Tobacco Induced Diseases
- Discipline: Health effects of tobacco
- Language: English
- Edited by: James Elliott Scott, Israel Agaku

Publication details
- History: 2002-present
- Publisher: International Society for the Prevention of Tobacco Induced Diseases
- Frequency: Continuous
- Open access: Yes
- License: CC BY 4.0
- Impact factor: 2.092 (2016)

Standard abbreviations
- ISO 4: Tob. Induc. Dis.

Indexing
- CODEN: TIDOAI
- ISSN: 1617-9625 (print) 2070-7266 (web)
- LCCN: 2009243493
- OCLC no.: 1028111942

Links
- Journal homepage; Online archive;

= Tobacco Induced Diseases =

Tobacco Induced Diseases is a peer-reviewed open access medical journal covering all aspects of the adverse health effects of tobacco use. It was established in 2002 and is published by the International Society for the Prevention of Tobacco Induced Diseases, of which it is the official journal. Between 2007 and 2017 it was published by BioMed Central on behalf of the society. As of January 2018, the journal is again published directly by the society. The editors-in-chief are James Elliott Scott (University of Manitoba) and Israel Agaku (U.S. Centers for Disease Control and Prevention and Harvard School of Dental Medicine).
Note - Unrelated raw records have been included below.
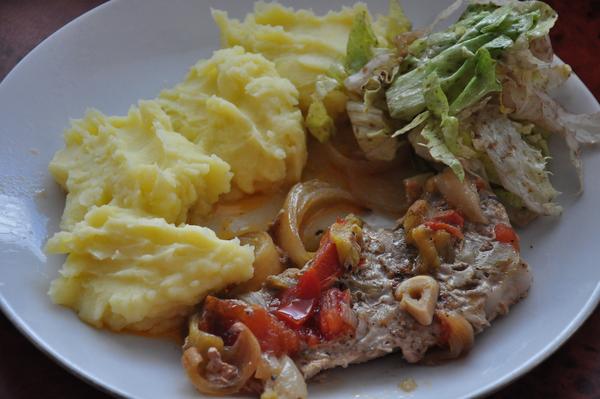dnes rychlovka: zemiakova kasa,opecena telacia pecienka s cibulkou a uhorkovy salat. 🙂
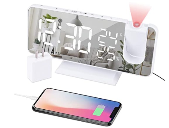 Check the time without having to roll over when you have this projection alarm clock on your nightstand. The 16-foot projection range delivers clear reading, while the 180-degree swivel supports a range of projection positions. Choose your favorite alarm tone and feel free to hit the snooze button for some extra rest. And that’s not all: This clock can also give you humidity readings and the main face doubles as a mirror during the daytime. Talk about a versatile gift!
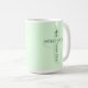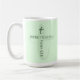 Diese Tasse weist ein hellgrünes Kreuz mit einem heilenden Bibelverse auf der Vorder- und Rückseite auf. Text ist anpassbar.
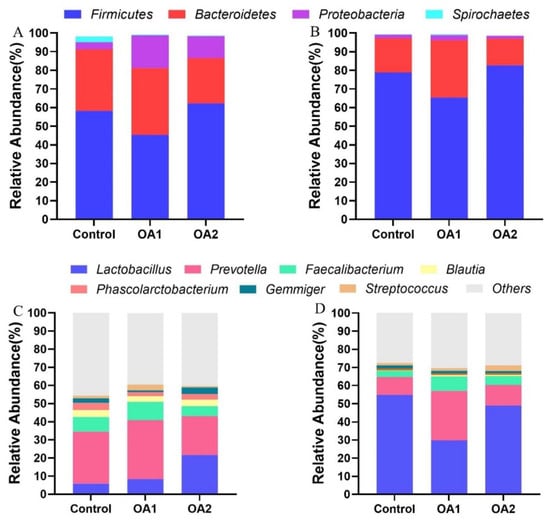 The effects of acidifiers on gut microbiota are shown in Figure 3, Figure 4, Figure 5 and Figure 6. The qualified sequences were clustered into amplicon sequence variants (ASVs) according to sequence similarity (>97%; File S1). Interestingly, more ASVs were identified in the three groups, and the three diet groups shared 1734 ASVs at day 14 (Figure 3A) and 927 ASVs at day 49 (Figure 3B) in cecum chyme. From the analysis of taxonomic composition, both OA1 and OA2 altered the relative abundance of intestinal bacteria at both the phylum and genus levels. All the qualified sequences from the cecum chyme samples were then assigned to 25 known phyla (File S2). Of them, four phyla, Firmicutes, Bacteroidetes, Proteobacteria, and Spirochaetes, were predominantly found (Figure 4A,B). Moreover, 50 predominant genera were assigned from all the qualified sequences (File S3), and seven genera, including Lactobacillus, Prevotella, Faecalibacterium, Blautia, Phascolarctobacterium, Gemmiger, and Streptococcus, were predominantly found (Figure 4C,D).
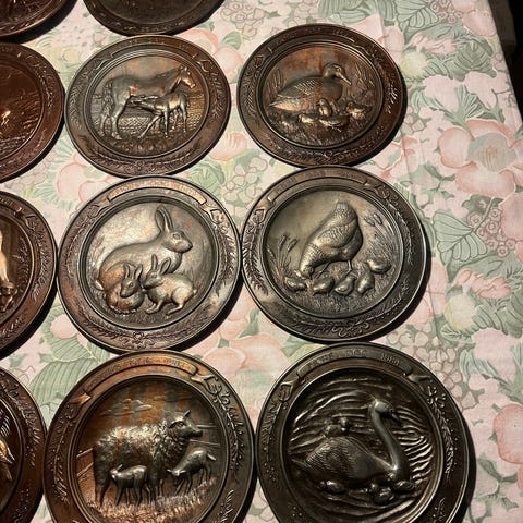 Platterne er lavet af porcelæn med underglasurmaling i blå og hvid og de har en diameter på 13 cm.

==Abstracting and indexing==
The journal is abstracted and indexed in:
- Chemical Abstracts Service
- CINAHL
- Current Contents/Social & Behavioral Sciences
- Embase
- Science Citation Index Expanded
- Scopus
- Social Sciences Citation Index

According to the Journal Citation Reports, the journal has a 2016 impact factor of 2.092.